The WWF is an apolitical organization, and is secular, anti-case and anti-dowry. It exclusively focuses on women's economic mobilization. According to Arunachalam, the forum was created "to develop the total human resource potential of very poor women workers in the informal sector."

== Indian Cooperative Network For Women (ICNW) ==
In 1981, Arunachalam initiated India's first cooperative organization for poor women, the Indian Cooperative Network for Women. This was established as an attempt to create an informal banking structure for women working in an informal setting. It works in sync with the Working Women's Forum, to provide loans and financial assistance to poor women.

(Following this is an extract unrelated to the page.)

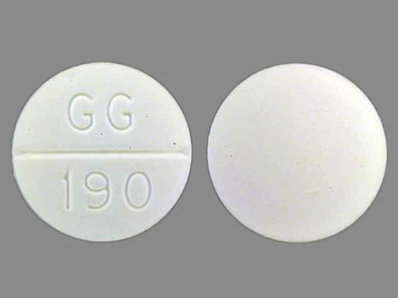 This medication is a White Round 13 mm, Tablet with imprint "GG190". It contains Methocarbamol 500 mg; of Methocarbamol[methocarbamol];. This belongs to the Muscle relaxant pharmacologic class. It is manufactured by Sandoz Inc. For details please contact your physician.

The ICNW in its underlying principles holds that intersectionality is extremely important to understand while understanding poverty and oppression among women. According to its website, "Five interwoven threads of oppression can be discerned as class exploitation, caste inferiority, male dominance, isolation in a closed world and physical weakness".

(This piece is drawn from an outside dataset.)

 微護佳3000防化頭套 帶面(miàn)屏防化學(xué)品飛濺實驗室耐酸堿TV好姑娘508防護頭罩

Not only does the ICNW provide loans and extensions, it also assists the beneficiaries with insurance, legal awareness and digitalized coverage of the credit and income operations. Along with the efforts of the WWF, the ICNW has provided financial aid to over 700,000 women in over 3,000 villages and 1,600 slums.

==Awards==
She is a recipient of many awards such as Global Leadership Award for Economic Development from Vital Voices, International Activist Award (2003) from the Gliestman Foundation, California, and the Rashtriya Ekta Award from the National Awareness Forum, India. The Government of India awarded her the fourth highest civilian award of Padma Shri in 1987 by the Union Government of India and the Stree Shakti Puraskar by the State Government of Tamil Nadu in 2002. She received the Jamnalal Bajaj Award in 2009. In 2010, she was chosen for the Social Lifetime Achievement Award in the Godfrey Philips National Bravery Awards.

== Personal life ==
Arunachalam was born on 8 February 1935 in Tamil Nadu, India, to a Brahmin family. After obtaining her master's degree, in 1955 she married a Chettiar man who, despite being educated, was not approved of by her parents. She was shunned by her family, including her parents and six sisters, who after the death of her mother reconciled with her.

Her daughter, Nandini Azad, is now the president of the ICNW and has taken over all operations of the WWF from her.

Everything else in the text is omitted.